EXERCISE INSTRUCTIONS:
Could you write out, exactly and with no pictures, every line from the one containing "Hitachi ZX210W-3 and" through the last line of the entries?

===============

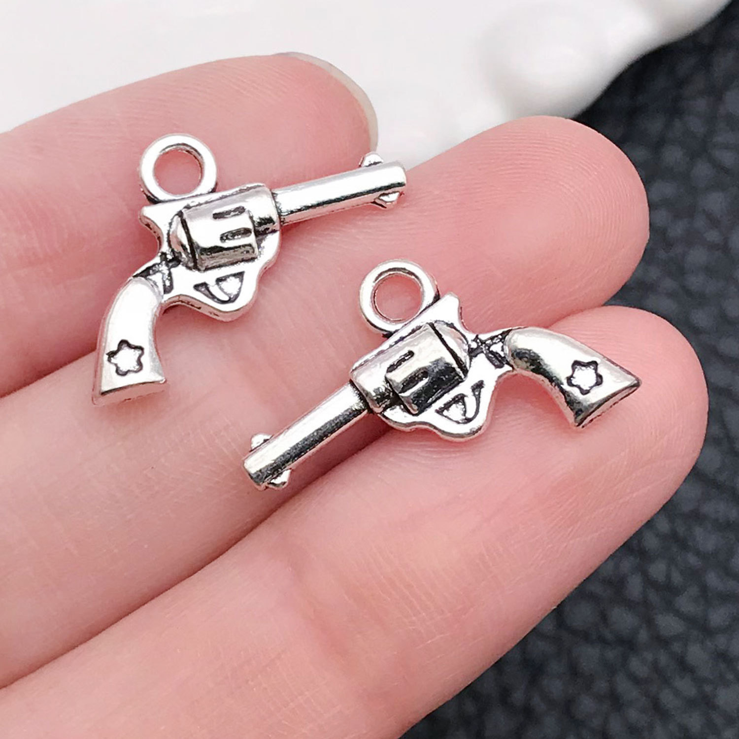 11234-antique silver zinc alloy weapon pistol 20x13-1.2g
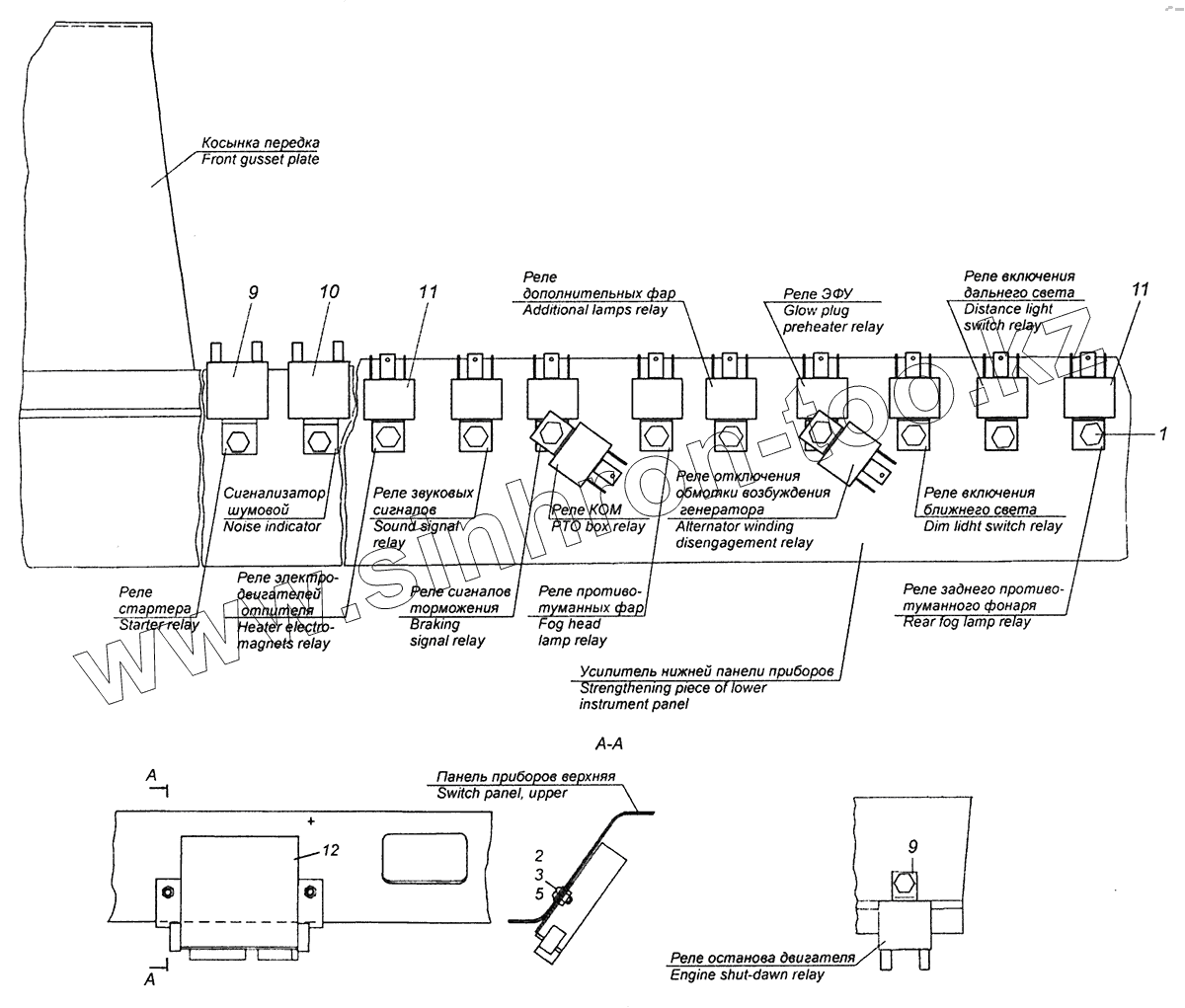 Каталог запасных частей к технике: Камский автозавод 43255 (Евро-2). 6520-3747001 Установка реле
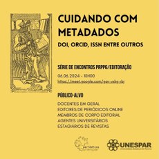 A série de oito encontros promovida pela Divisão de Editoração da PRPPG/Unespar oferece um panorama abrangente dos aspectos fundamentais da publicação acadêmica em periódicos eletrônicos. Ao longo de 2024, os participantes terão a oportunidade de explorar temas essenciais, com um encontro por mês. O programa começa com a montagem de um periódico acadêmico, seguido pela introdução à plataforma OJS e pela identificação do público-alvo e bases indexadoras relevantes. Questões de metadados, como DOI, ORCID e ISSN, serão discutidas em detalhes, juntamente com estratégias para localizar periódicos adequados para publicação. Considerações éticas são enfatizadas para garantir a integridade da pesquisa e das publicações. O aspecto visual e a tipografia das revistas acadêmicas serão abordados para maximizar a experiência do leitor. Além disso, os participantes serão introduzidos a ferramentas online úteis para melhorar a eficiência da pesquisa e da escrita acadêmica. Esses encontros mensais proporcionarão uma base sólida para a comunidade da Unespar no processo de publicação acadêmica, capacitando-a a navegar com sucesso no mundo da pesquisa e publicação. Embora cada encontro possua um público-alvo específico, todos os interessados podem participar e se beneficiar do conteúdo oferecido. Basta efetuar a inscrição prévia no link https://forms.gle/av4mvA1XKNzchbcG7 para ter o acesso autorizado. O link do encontro será enviado para o email cadastrado na inscrição.
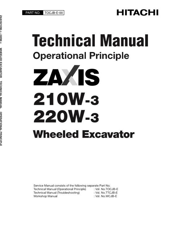 Hitachi ZX210W-3 and ZX220W-3 technical manuals, providing essential information for operation and maintenanceHitachi ZX210W-3, Hitachi ZX220W-3 Technical Manuals
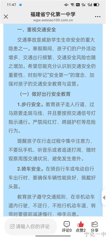 致家长的一封信。通过这一系列安全教育活动,宁化一中将安全的种子播撒在每一位师生的心中。相信在学校、家庭和社会的共同努力下,全体师生一定能够度过一个安全、愉快、充实的寒假!
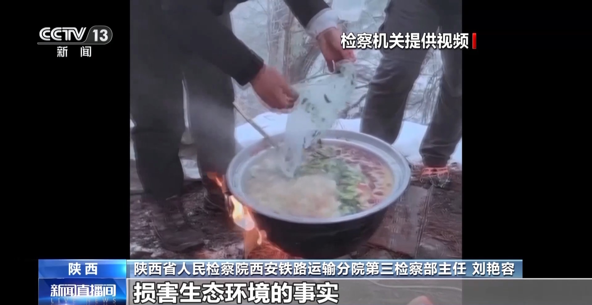 *陝西省人民檢察院西安鐵路運輸分院第三檢察部主任 劉豔容:*我們梳理查明,該公司2024年組織非法穿越秦嶺核心保護區155次,參與人數3808人,收取報名費670632元,以及穿越中存在破壞高山植被、生火做飯等損害生態環境的事實。
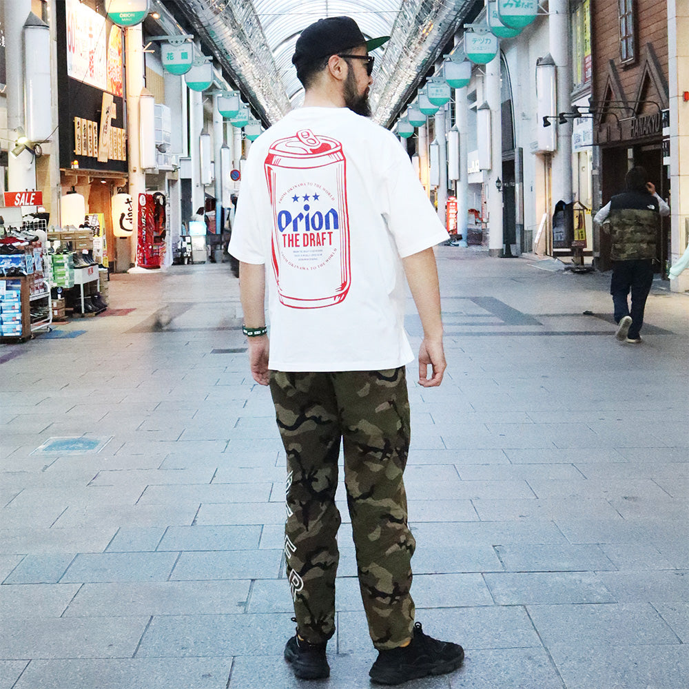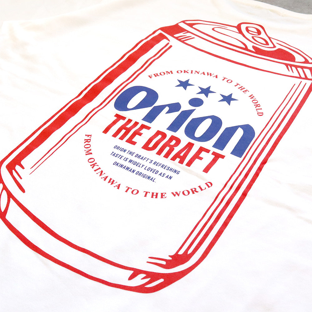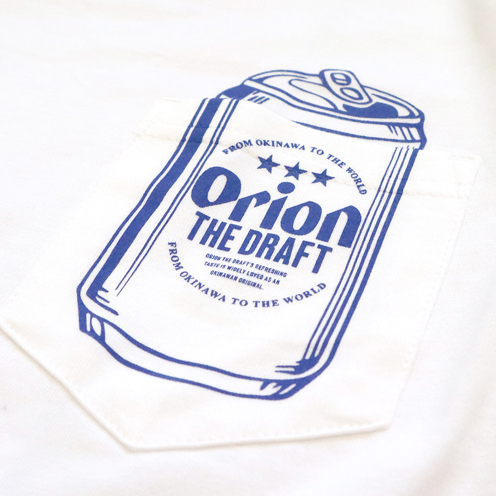 こちらのBEER缶ロゴポケットTシャツは、フロントの胸ポケットに350ml缶サイズのオリオンザ・ドラフト缶を配置し、バックにも大きなオリオンザ・ドラフト缶を配置したシンプルかつインパクトのあるデザインです。

===============

ANSWER TO THIS EXERCISE:
 Hitachi ZX210W-3 and ZX220W-3 technical manuals, providing essential information for operation and maintenanceHitachi ZX210W-3, Hitachi ZX220W-3 Technical Manuals
 致家长的一封信。通过这一系列安全教育活动,宁化一中将安全的种子播撒在每一位师生的心中。相信在学校、家庭和社会的共同努力下,全体师生一定能够度过一个安全、愉快、充实的寒假!
 *陝西省人民檢察院西安鐵路運輸分院第三檢察部主任 劉豔容:*我們梳理查明,該公司2024年組織非法穿越秦嶺核心保護區155次,參與人數3808人,收取報名費670632元,以及穿越中存在破壞高山植被、生火做飯等損害生態環境的事實。
 こちらのBEER缶ロゴポケットTシャツは、フロントの胸ポケットに350ml缶サイズのオリオンザ・ドラフト缶を配置し、バックにも大きなオリオンザ・ドラフト缶を配置したシンプルかつインパクトのあるデザインです。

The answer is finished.